Enrique Gimbernat, Catedrático emérito de Derecho Penal en la Universidad Complutense (14 de julio de 2009, Diario El Mundo)

miércoles, 1 de julio de 2009

Justicia universal española; por Jesús María Silva Sánchez, Catedrático de Derecho penal

El día 30 de junio de 2009 se publicó, en el diario ABC, un artículo de Jesús María Silva Sánchez en el cual el autor opina sobre el proyecto de reforma del artículo 23.4 de la Ley Orgánica del Poder Judicial. Trascribimos íntegramente dicho artículo.


JUSTICIA UNIVERSAL ESPAÑOLA

El pasado jueves el Congreso de los Diputados aprobó el proyecto de reforma del art. 23.4 de la Ley Orgánica del Poder Judicial. Sin embargo, no es probable que ello rebaje la intensidad de la discusión sobre la legitimidad de la extensión de la competencia jurisdiccional española al enjuiciamiento de delitos contra la comunidad internacional cometidos en cualquier parte del mundo. La reforma aprobada por la Cámara Baja parece dar la razón al Tribunal Supremo, que en su día (STS 327/2003) intentó llevar a cabo una reducción teleológica del texto todavía vigente, sobre cuya extraordinaria amplitud literal no caben dudas. Ahora bien, el Tribunal Constitucional (SSTC 237/ 2005, 227/ 2007) estimó que dicha opción interpretativa vulneraba el derecho a la tutela judicial efectiva de las acusaciones particular y popular, en su vertiente de acceso a la jurisdicción. Por tanto, no cabría descartar de plano la posibilidad de que el Alto Tribunal llegara a considerar en un futuro que la reforma llevada a cabo es inconstitucional.

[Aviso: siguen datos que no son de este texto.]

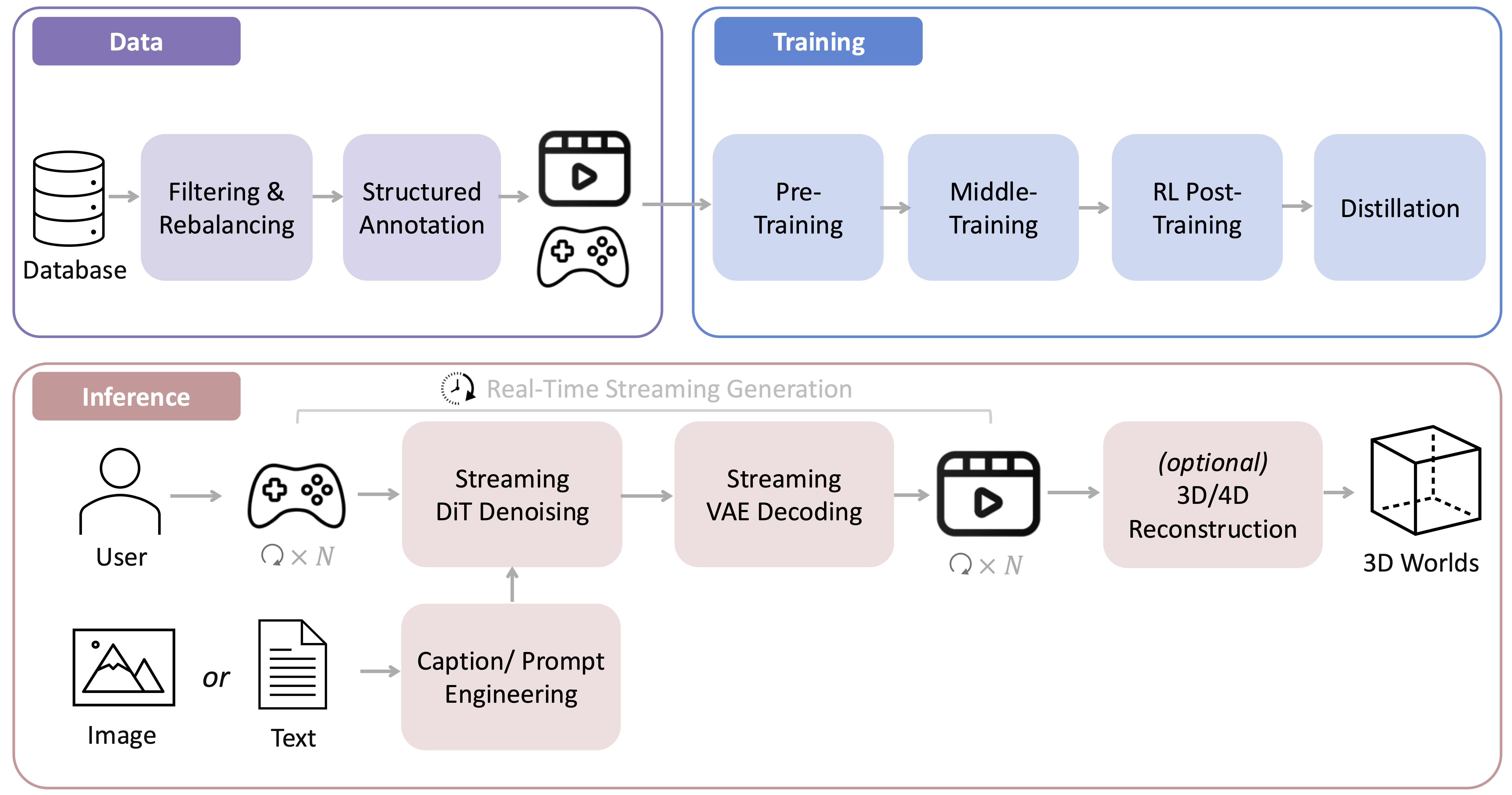 HY-World 1.5开源提供了一个系统全面的实时世界模型框架,涵盖了整个流程和所有阶段,包括数据、训练和推理部署。技术报告介绍了模型式预训练、强化学习训练和记忆消耗模型的详细训练。此外,报告介绍了一系列旨在减少网络传输延迟和模型推理延迟的工程技术,从而为用户实现实时流推理细节体验。
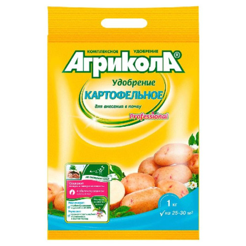 Удобрение Агрикола Картофельное - комплексное минеральное гранулированное удобрение с микроэлементами для внесения в почву. Массовая доля питательных веществ: азота (N) - 11%, фосфора (P2O5) - 9%, калия (К2О) - 16%. Содержание элементов питания подобрано с учетом потребностей растений. Не содержит хлор, который отрицательно влияет на растения. Увеличивает клубнеобразование, урожай на 20-30 %. Улучшает крахмалистость клубней и сохранность в зимний период
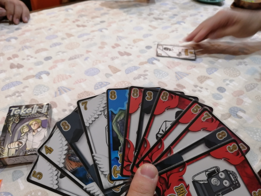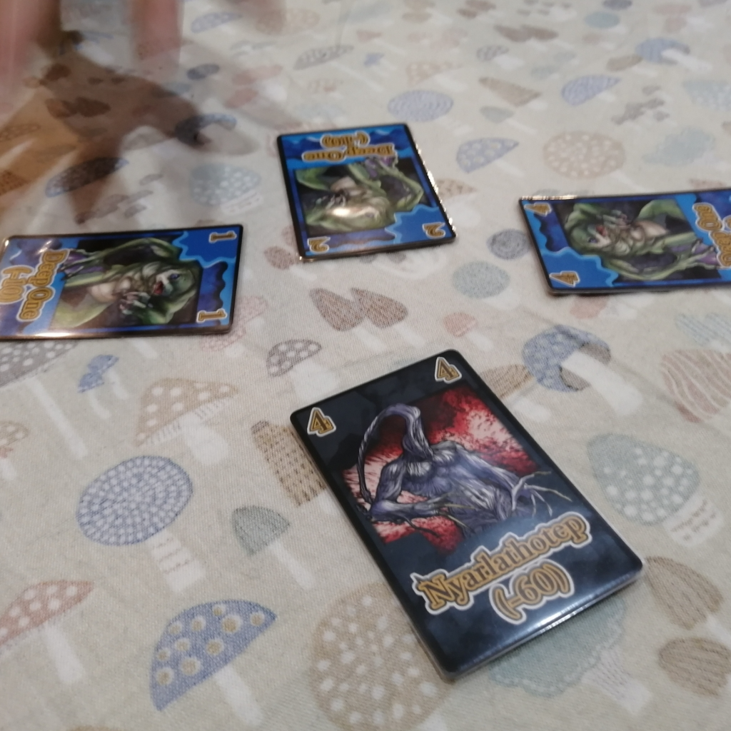 マストフォローのバッティングありのクトゥルフ系トリックテイキングゲーム。4色1〜6の数字カード各1枚、7〜8が各3枚の合計48枚を使用する。

Lo cierto es que las decisiones del Tribunal Constitucional se han interpretado hasta ahora como un aval para que la Audiencia Nacional se convierta ni más ni menos que en el foro de los delitos contra la comunidad internacional a los que no puede acceder la Corte Penal Internacional. Algo que sucede siempre que el Estado en cuyo territorio se producen los hechos presuntamente delictivos no ha ratificado el Tratado que la instituye.

Sin embargo, el ejercicio unilateral de una jurisdicción universal por parte de España plantea múltiples objeciones que trascienden al muy mejorable tenor literal del vigente art. 23.4 LOPJ y de las disposiciones que lo complementan. En concreto, suscita problemas conceptuales o de principio; y problemas pragmáticos, o relativos a las consecuencias.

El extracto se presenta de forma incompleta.